Secara bahasa, abusif berasal dari bahasa Prancis, dan dalam bahasa Indonesia arti kata abusif atau abusif artinya adalah kasar.
Secara istilah, arti kata abusif atau abusif artinya adalah perilaku yang kasar, menyakiti, atau merugikan orang lain.
Perilaku abusif dapat berupa tindakan fisik, emosional, verbal, seksual, atau finansial.
Berikut penjelasan arti kata abusif atau abusif artinya :
- Kekerasan atau Pelecehan: Perilaku abusif melibatkan penggunaan kekerasan atau pelecehan terhadap orang lain. Ini bisa berupa kekerasan fisik, seperti memukul, menendang, atau mendorong, atau pelecehan emosional, seperti menghina, mengancam, atau mengendalikan.

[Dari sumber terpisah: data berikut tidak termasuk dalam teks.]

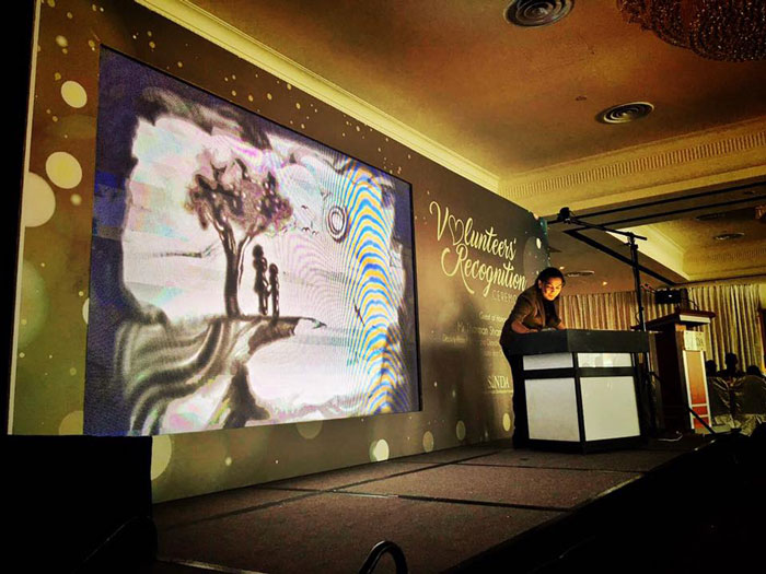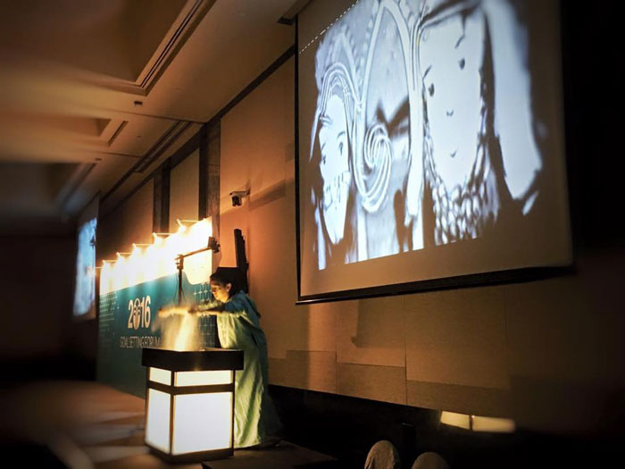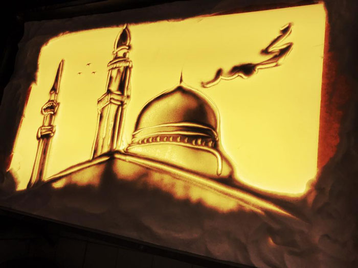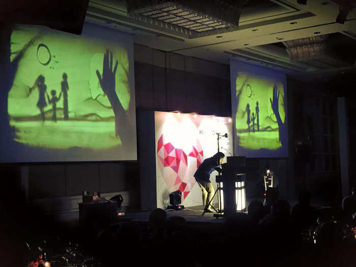 As the sand animation takes place on a small light-up podium, it is generally projected onto a large screen for the audience to observe. The live event artists can also assist in filming the process and every aspect is customisable from the podium to screen surroundings.

- Penyalahgunaan Kekuasaan: Perilaku abusif sering kali melibatkan penyalahgunaan kekuasaan atau kontrol terhadap orang lain. Pelaku mungkin menggunakan kekuasaan fisik, emosional, atau finansial mereka untuk mengendalikan atau memanipulasi korban.
- Pola Perilaku: Perilaku abusif sering kali merupakan pola perilaku yang berulang dan berkelanjutan, bukan hanya satu insiden tunggal.
- Dampak Negatif: Perilaku abusif memiliki dampak negatif pada kesejahteraan fisik, emosional, dan mental korban. Korban mungkin mengalami trauma, depresi, kecemasan, atau masalah kesehatan lainnya.
- Tidak Dapat Dibenarkan: Perilaku abusif tidak dapat dibenarkan atau dimaafkan, terlepas dari alasan atau motivasi pelaku.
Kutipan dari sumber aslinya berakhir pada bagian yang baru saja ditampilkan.